Our surviving megaliths are hence deeply enigmatic, a mysterious and mute presence in a world far less mysterious. The megaliths may have something we have forgotten in a collective way, something pushed out by millennia of later ideas and now relatively recent ones too.
There seems little trace of the megalithic astronomers themselves, their geometricized landscape overlaid by our notions of a primitive Stone Age. And, as the prelude to world history, their geometry gave birth to sacred geometry and sacred buildings; pyramids, ziggurats, temples and religious complexes. In some way, therefore, geometry obtained its sacredness from the skies or the earth itself, as if these had been built from the harmonious organization of the solar system seen from Earth and given to it by one or more gods or angels.

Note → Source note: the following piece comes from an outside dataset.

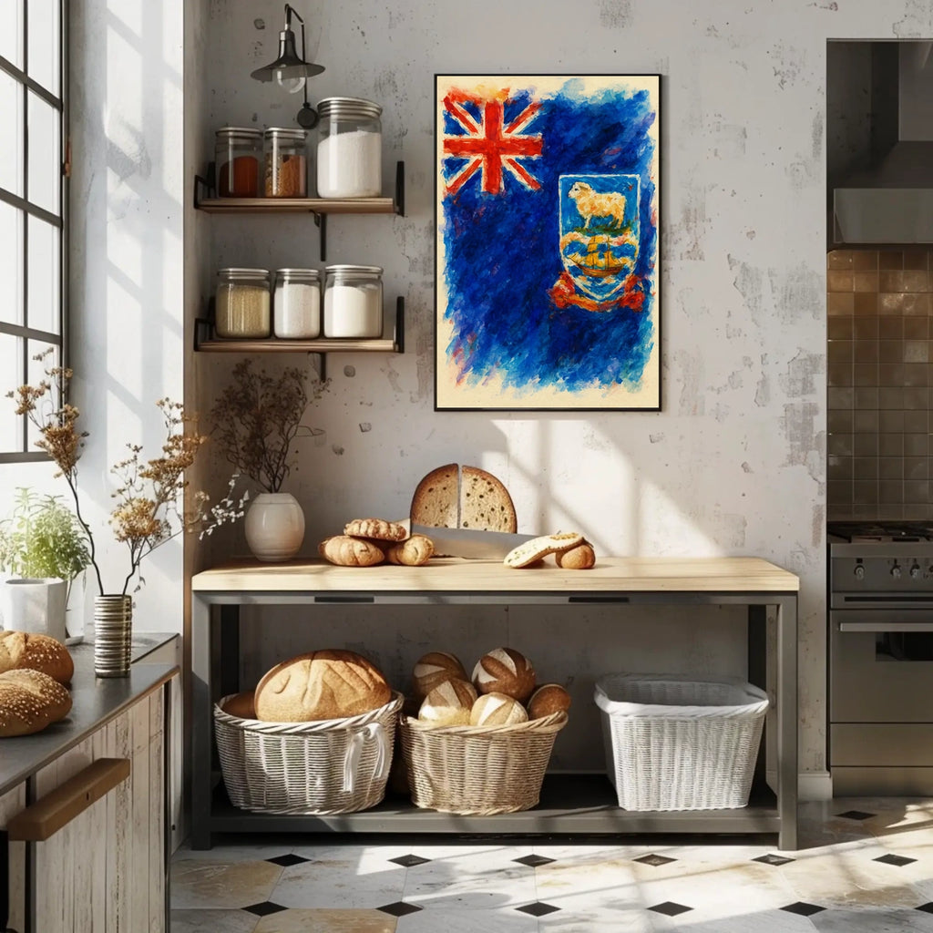 This poster captures the essence of The Falkland Islands Flag, blending bold color and coastal-inspired imagery to evoke wanderlust and national pride in any room.

Sacred geometry the became a secular and analytical geometry, which would become an encyclopedic exploration of all that geometry could do, rather than a set of techniques dreamt up by a band of roaming astronomers. In our schools, many lose interest in having to learn geometry in the abstract and so, in this, the megalithic had an advantage. They could learn geometry as and when they needed it, as their astronomy brought up new questions to solve, learning by finding methods to answer questions.
If one truly travels backwards in time, to discover what the megalithic astronomers had understood, I believe one has to decide which bits of your own skills have to be applied to solve the riddles of the megalithic mind. Each modern researcher must not assume the megalithic could calculate using numbers, use trigonometry, knew Pythagoras’ theorum, and so on. And yet, one can employ modern equipment to help investigate the megalithic. Google Earth, for example, can allow megalithic alignments to be studied, their azimuth, length and interrelation, whilst the context of sites can be seen that may provide clues not available in site plans, written descriptions and so on, which are sometimes difficult to obtain or require a personal expedition. The most basic tool for me has been the Casio scientific calculators, since the megalithic interaction with space (geometry) was blended with the interaction of numerical time counting, numbers which exist in the geocentric world of time.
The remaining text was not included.